Re: why would these hurricane prevention methods not work



Hi,
First, thanks for the reply.
A little follow-up discussion, if you may:

Michael Mcneil wrote:
> Are these ingredients or by-products?
>
> > (c) very high speed winds
>
> This is certainly a by-product as old folk lore and modern explanation
> tell of calm humid weather prior to either wind-storm.

As I said, I am new.

> > (1) What if we were able to, in theory, inject a large amount of some
> > inert gas into the forming eye of a storm or a tornado and force less
> > absorption of mositure? Would it retard or prevent the process of
> > storm-formation?
>
> If it increased the pressure.. but at what expense? You might detonate a
> series of nuclear bombs along the path of a tropical storm. This would
> produce huge quantities of gas.
>
> How would you know the storm was not going to petre out or if it formed
> an hurricane, miss anywhere important?

So, assuming that if we do increase the pressure, a storm can be
prevented - see, annually hundreds or maybe thousands lose their lives
to tropical storms especially in Asia and I think, Africa. Hundreds of
millions of dollars worth property is lost _each_ _year_ in these
places. Coastal USA has frequent brushes with
hurricanes/tornadoes/"twisters". - If we could proactively prevent a
few big ones _bearing_ _collateral_ _losses_ _of_ _preventing_ _some_
_harmless_ _ones_, (**see the human and economic losses that can be
prevented - super motivation for even overdoing the prevention part**),
it would not be a bad idea or great cost, considering that The Big Five
- US,UK, France, Russia and China spend hundreds of billions of dollars
(_annually_!!) on weapons modernisation and (maddening) defence
systems.

Nuclear bombs have obvious side effects so that is ruled out, but some
other bombs could do.


> > (2) What if cloud-seeding is done on a forming storm?

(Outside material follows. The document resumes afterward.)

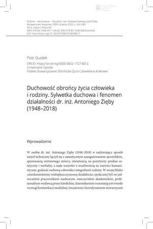 Duchowość obrońcy życia człowieka i rodziny : sylwetka duchowa i fenomen działalności dr. inż. Antoniego Zięby (1948-2018)Duchowość obrońcy życia człowieka i rodziny : sylwetka duchowa i fenomen działalności dr. inż. Antoniego Zięby (1948-2018)
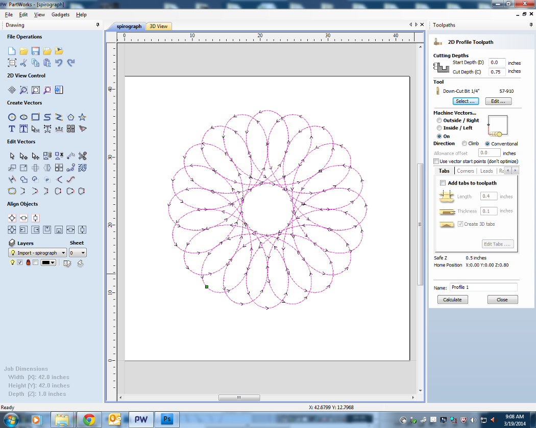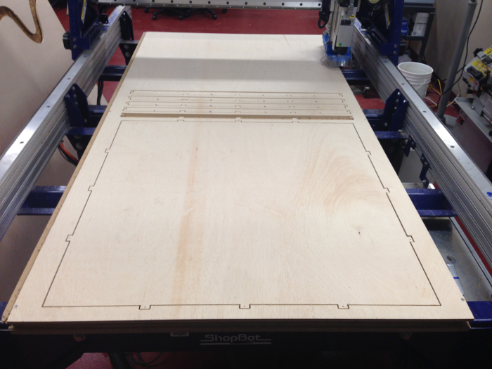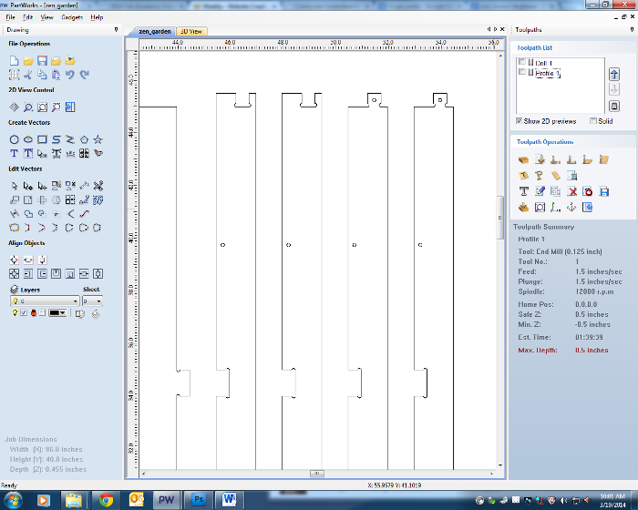 I used Part Works to set up my file to run on the ShopBot CNC Router. Most of the input values are inconsequential since I ran the machine with the spindle off, but I did set my tool diameter to .25 inch, feed rate to 102 ipm, and plunge rate to 30 ipm.

What would
> > happen?
>
> Graeme's breakthrough occurred when he observed that pollutants from a
> local paper-mill had an extraordinary effect on storms passing overhead
> - they rained harder and longer. Since then, he and his research company
> CloudQuest have worked tirelessly to perfect the technology that can
> repeat this phenomenon and to establish the data gathering techniques
> that prove it works. Their South African experiments have been
> impressive, recording increases in the rainfall from clouds of between
> 40-60%.
>
> http://twm.co.nz/BBC_rainmkr.html

An obvious idea that comes to mind after reading the above article and
some related information is that of "intelligent hygroscopic
particles".
If you have seen the movie "Twister" they showed how numerous tiny
sensors were sent right into the twister to send back readings of wind
speed and moisture and density and other parameters. Now, more
realistically, the tsunami warning system in the Asis-Pacific region,
set up with co-operation among _all_ tsunami-affected countries in
South-East Asia uses similar sea-bed sensors (numerous and spread out)
which will send tremor information to buoys on the surface of the water
which will relay the information to land stations so that people can be
evacuated in time in the event of a big quake. This will be functional
by 2006.

Now, the idea (very raw and possibly naive but worth a look,
nevertheless) is to use the mildly hygroscopic nature of aerosol,
generated by pollution from vehicles or industries and have some
smallish devices or particles, not electronic, but essentially acting
as sponges for moisture and dust, to gather moisture (just as Mather's
paper-mill observation did) and carry the huge collection of these
particles (this is the fantasy part - but maybe some better real idea
can come out of it) across over a few tens of miles to expand the area
of rainfall. Do this iteratively over a period of ten years and get a
larger area under this "collection" of particles. They always stay up
there, make it rain , gather more dust, make it rain again, gather dust
again,.....

Basically, put pollution to use.

>
> > (3) finally, what happens if we, say, set the formed storm on fire, by
> > shooting a powerful jet of burning fuel at the storm, does it help or
> > aggravate the situation?
>
> Try getting set up for doing that in the region of some redneck's hay
> barn.

Very true. This should obviously be tried only on the seas, but
assuming that we have enough fuel and we stop well away from the coast,
will the thing actually work?

Thanks again for the link on Mather. Lot of information in there.

Regards,
Joseph S.

.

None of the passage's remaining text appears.